Рукопись, найденная в чемодане - Марк Хелприн
Шрифт:
Интервал:
Закладка:
Анжелика разразилась слезами. Я, хотя был глубоко тронут, улыбнулся, ибо видел, что к мелодии своей жизни, к той ее части, которая уже определилась, она намерена добавить новую каденцию, а я безмерно люблю, когда пианист оказывается настолько захвачен произведением, что начинает сочинять немного и от себя. Каденции полновесны и быстры, и порождаются они не мастерством, а любовью, мощью и духовным подъемом. Они представляют собой великую декларацию. По мере их развертывания пианист словно бы говорит композитору: «Да. Я понимаю то, что понимаешь ты. Я чувствую то, что чувствуешь ты. Я тебя знаю. Твои руки – это мои руки, твои глаза – мои глаза, твое сердце – мое». Анжелика привносила свободу не в фортепьянный концерт, но в свою жизнь, и она содрогалась и лила слезы, потому что, приняв решение, она мельком увидела всю свою жизнь как единое целое, словно бы глазами композитора.
В следующий раз я пришел в «Асторию» в один из тех осенних дней, когда небо без стеснения можно назвать лазурным, а воздух – хрустальным. В такие дни дым поднимается прямыми колоннами, а каждая подробность ландшафта становится вдруг такой четкой, словно побывала под резцом гравера.
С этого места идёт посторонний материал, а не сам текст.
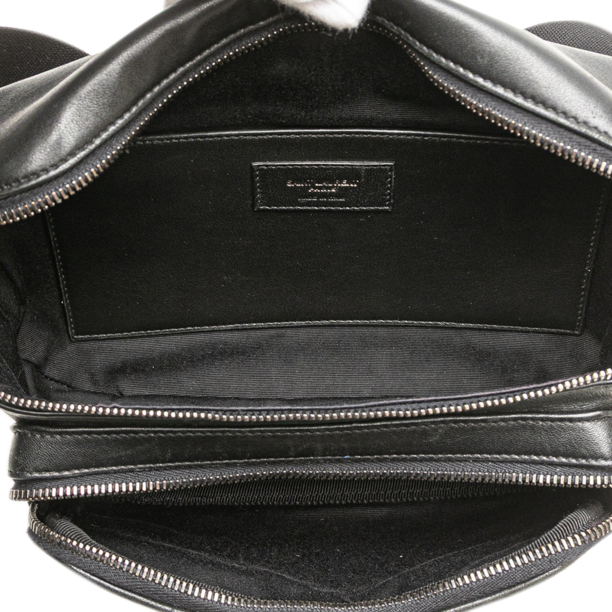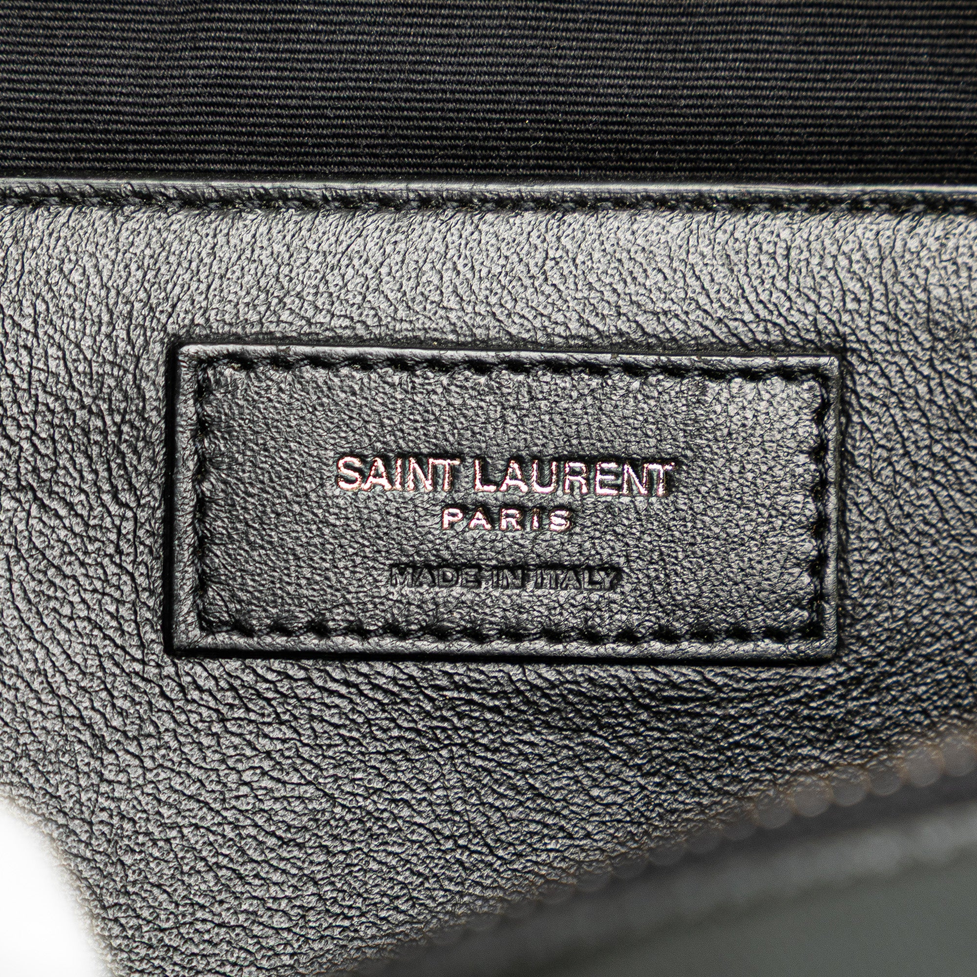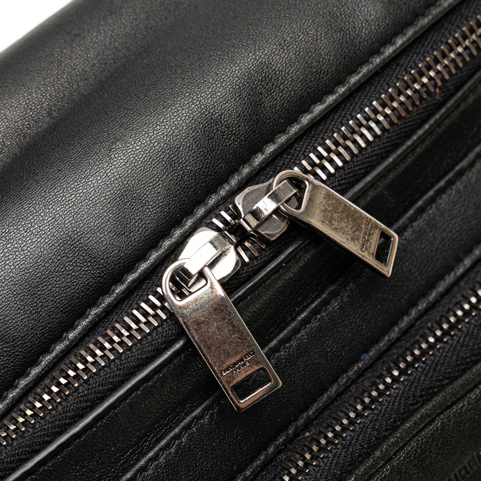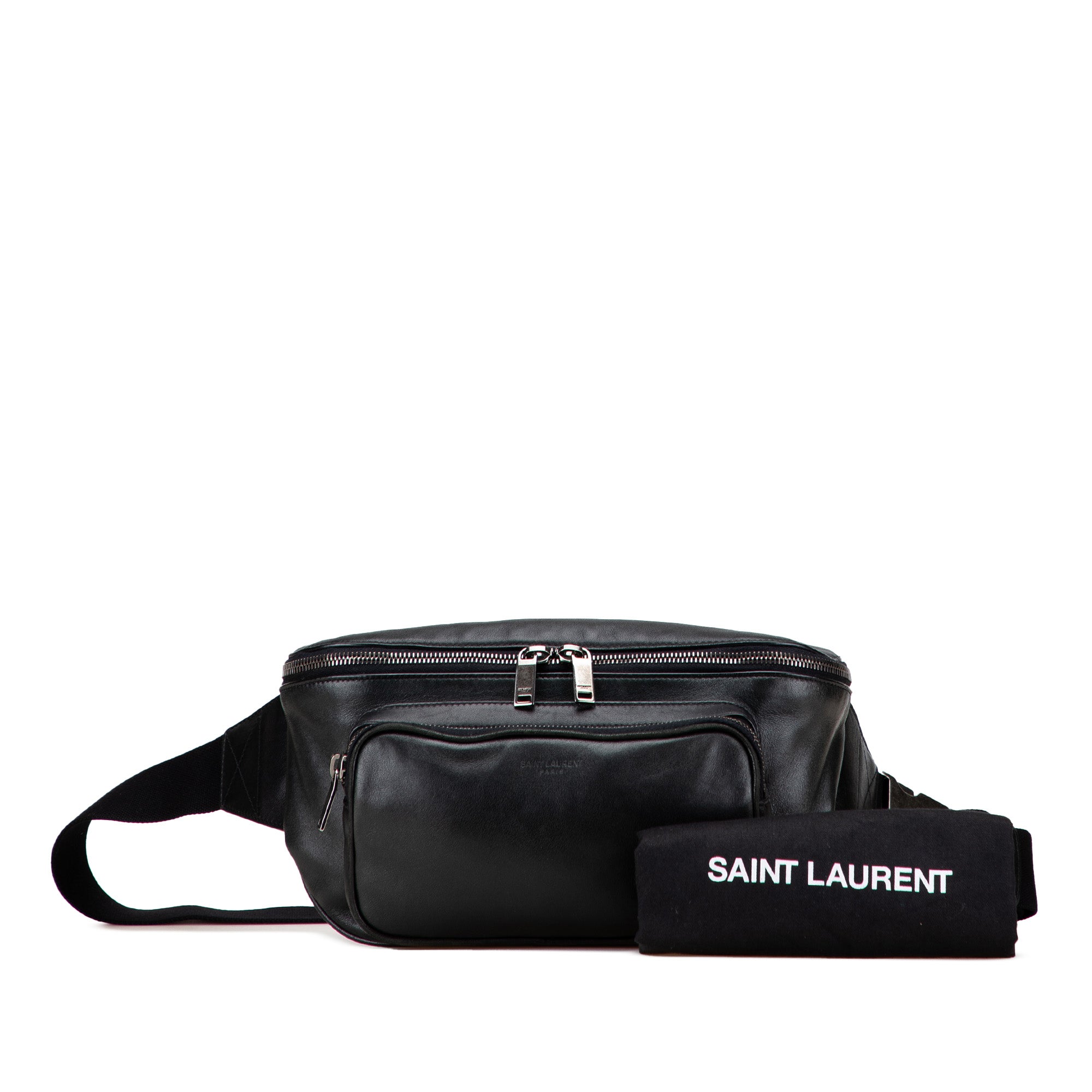 Product Details: Black Saint Laurent Lambskin Subway Belt Bag. This belt bag features a lambskin leather body, an adjustable flat waist strap, a front zip around closure, and exterior front and back zip pocket. 6.3" L x 10" W x 0.4" D. Serial number PLB557964.1218.
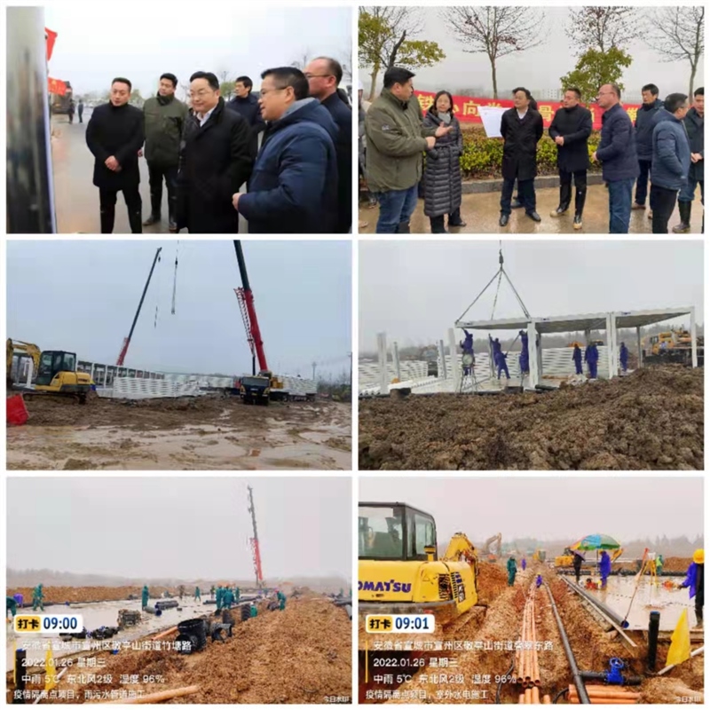 截止1月26日,現場已完成10000平方米混凝土硬化,雨污水管道、室外水電管道安裝進展迅速,集裝箱板房開始拼裝。天氣惡劣、工期緊迫,一線人員努力克服各種困難和障礙,迎難而上。1月25日下午,區(qū)政府召開宣州區(qū)新冠肺炎疫情防控工作專題會議,審定了隔離點項目方案,明確了相關事項,會議對施工進度和現場管理給予了充分的肯定,同時也要求在嚴把工程質量關和隔離點各項要求的基礎上,倒排工期,加快施工,確保早日交付使用。

Зеленые буксиры с черными трубами скользили вниз по реке, и буруны белой пены непрерывно расходились от их носов.
Сам Смеджебаккен был красивым мужчиной, разве что немного слишком флегматичным, жена же его могла бы послужить идеальной моделью для кого-нибудь из итальянских живописцев эпохи Возрождения. Но их дочь, несмотря на свой недуг, была даже красивее матери. Я познакомился с нею в тот день в передней гостиной дома ее родителей. Из глубины двора доносился целый сонм нот, как будто оркестр настраивался перед концертом, но оркестр, состоящий из одних только фортепьяно. А через окна мне открывалось голубое небо, невесомо раскинувшееся над видавшим виды кирпичом «Астории».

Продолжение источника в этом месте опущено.